The Federal Trade Commission reported that since the beginning of 2021, more than 46,000 people have become victims of cryptocurrency scams, totaling losses of more than $1 billion. After the latest price surge in 2021, renewed interest in the market has led to a wave of cryptocurrency crime worth as much as $14 billion, according to Chainalysis.

Ten years of turbulent development history of cryptocurrency: disappearing Token, failed ICO...

Still, less than 2% of tokens issued since 2019 have been revealed to be scam tokens. 2017 was the peak of crypto fraud, when 17% of tokens were fraudulent (210 of 1232 tokens considered scam coins have now disappeared), and fraudsters made $490 million during the 2017 ICO boom.

When companies become large enough to trade on the stock market, they launch IPOs to raise money from public investors. In contrast, ICOs are a primary channel for attracting purchases of newly launched cryptocurrencies, with investors buying tokens, but they can also offer a wider stake in a company's product, including a stake in the company itself.

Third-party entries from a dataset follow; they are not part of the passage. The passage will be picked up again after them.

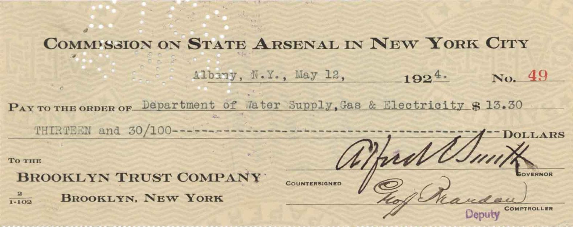 Brooklyn Trust Company check for the Commission on State Arsenal in New York City signed at front by Alfred (Al) Smith as Governor. Nice!
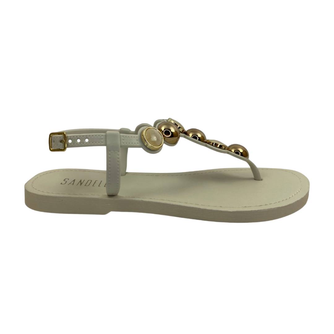Sandália rasteira, com design elegante e detalhes que valorizam o visual. O modelo possui tiras que dividem os dedos e seguem até a parte superior do pé, criando uma composição delicada e moderna. As tiras recebem aplicações metalizadas em acabamento dourado, intercaladas com detalhes arredondados, que trazem sofisticação e um toque fashion ao modelo. A construção segue contornando o tornozelo, garantindo melhor ajuste, e conta com fecho em fivela metálica lateral, que facilita o calce e proporciona segurança. A palmilha lisa, com acabamento confortável, completa o modelo. Aberta, a sandália deixa o pé em evidência, sendo perfeita para produções leves e elegantes, do dia a dia ao passeio.
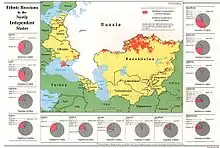 Етнографічна карта – карта, що показує географічне розміщення й просторові взаємини явищ й об'єктів. Основні види етнографічних карт: етнічні, історико-етнічні (характеризують розселення народів в минулому) та історико-етнографічні (відображають різні сторони життя народів, характерні риси їх традиційної матеріальної й духовної культури). Етнічна карта — географічна карта на якій зображено особливості розселення різних етнічних груп на певній території. На ній зображуються як суцільні етнічні території певних народів (території, що характеризується певною однорідністю етнічного складу постійних мешканців), так й етнічні анклави (порівняно невеликі частини етнічної території певного етносу, оточені іншою етнічною територією). На карті також відображають чисельність етносів, їх приналежність до тієї чи іншої раси, походження (етногенез). Крім того, показують поширення мов (мовних груп), діалектів, релігій та вірувань.[1].[2].
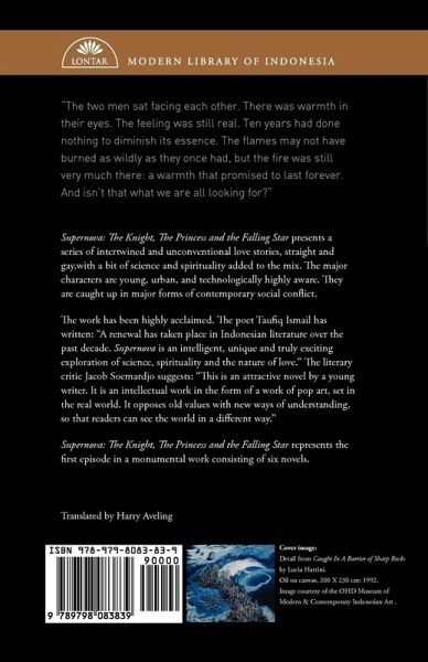 Supernova: The Knight, The Princess and the Falling Star presents a series of intertwined and unconventional love stories, straight and gay, with a bit of science and spirituality added to the mix. The major characters are young, urban, and technologically highly aware. They are caught up in major forms of contemporary social conflict. The work has been highly acclaimed. The poet Taufiq Ismail has written: "A renewal has taken place in Indonesian literature over the past decade. Supernova is an intelligent, unique and truly exciting exploration of science, spirituality and the nature of love." The literary critic Jacob Soemardjo suggests: "This is an attractive novel by a young writer. It is an intellectual work in the form of a work of pop art, set in the real world. It opposes old values with new ways of understanding, so that readers can see the world in a different way."
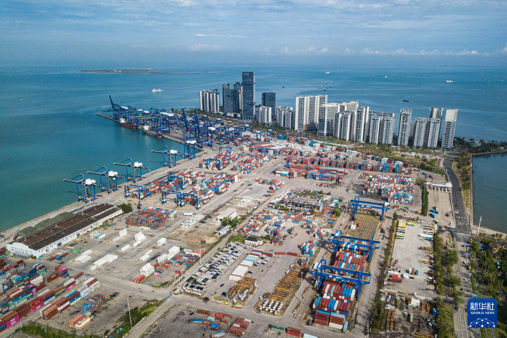 10月18日在海南省海口市拍摄的海口港集装箱码头(无人机照片)。
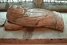 A memorial to Robert Clayton, the baby son of Sir Robert and Dame Martha Clayton, is on a windowsill within the church, in the shape of a sleeping baby. He was buried within the chapel for the manor of Swakeleys in the north aisle. The boy had died a few hours after his birth in August 1665 at Swakeleys House, where his parents were staying as guests of Lady Harrington. Sir Robert was an alderman of London but the couple were staying in Ickenham to escape the Great Plague; he later became Lord Mayor of London in 1679.[6]
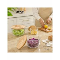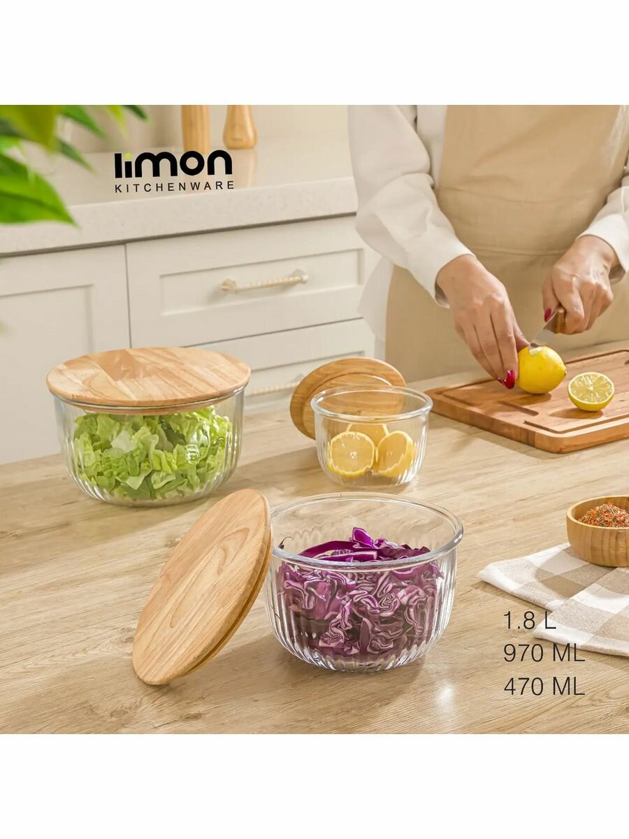 Представляем стильный набор из трех контейнеров от известного бренда LiMON. Этот набор является идеальным выбором для тех, кто ценит качество и удобство в использовании. Контейнеры изготовлены из жаропрочного боросиликатного стекла и крышек из натурального дерева тропического дерева гевеи. Они прекрасно подходят для приготовления, хранения, сервировки и даже украшения стола. Благодаря стильному дизайну и эргономике, эти контейнеры станут прекрасным дополнением к вашей кухне и добавят ей уют и тепло. Кроме того, они отличаются отличным качеством и долговечностью, что делает их идеальным выбором для каждодневного использования. Независимо от того, готовите ли вы пищу в духовке или микроволновой печи, храните ее в холодильнике или подаете на стол, эти контейнеры будут незаменимы. В набор входят контейнеры объемом 450, 2250 и 1100 миллилитров, что позволяет выбрать оптимальный размер для ваших нужд. Контейнеры легко моются как вручную, так и в посудомоечной машине, а деревянные крышки не рекомендуется мыть в посудомоечной машине. Этот набор станет отличным подарком для всех, кто любит готовить и заботится о своем здоровье. Заказывайте прямо сейчас и наслаждайтесь удобством и качеством этих контейнеров!

Ten years of turbulent development history of cryptocurrency: disappearing Token, failed ICO...

Mastercoin was the first project to launch an ICO in 2013, and the practice peaked in 2017 as mainstream interest in the cryptocurrency grew along with its price. Nonetheless, our research shows that 12.6% of all tokens launched that year expired due to failed ICOs — more than any other year in the past decade.

Research by consultancy GreySpark Partners found that nearly half of all ICOs launched in 2017 and 2018 failed to raise any funds, and the practice was prone to fraud, leading to increased regulation and severe penalties for non-compliance in the industry . Therefore, our data shows that only 5 token ICOs failed.

After a tumultuous first decade for cryptocurrencies, what's next?

The cryptocurrency market is growing at an unprecedented rate, and rapidly advancing technology is bringing new investment opportunities—most notably 2021's NFT boom. Bitcoin still dominates the market, with some investors predicting that its price could reach $100,000 by 2023. However, in 2021, the value of Ethereum has increased by 409%. Analysts expect Ethereum to be worth $4.9 billion to the crypto industry by 2030, despite the global instability caused by Russia’s invasion of Ukraine, leading to a global economic downturn.

Many experts have compared the growth of cryptocurrencies to the "dotcom bubble" of the early 2000s, when innovations led to a surge of internet companies and investors looking for the next Amazon or eBay. In contrast, 2013 and 2017 saw a surge in cryptocurrency investment, with new currencies flooding the market and investors racing to cash in on the “next big thing.”

While many of these tokens disappeared due to lack of investment, failed ICOs, or scams, the market also faces numerous challenges in regulating cryptocurrencies to protect investors. But the investment community has taken the crypto industry seriously, and cryptocurrencies have proven their ability to disrupt traditional financial markets over the past decade.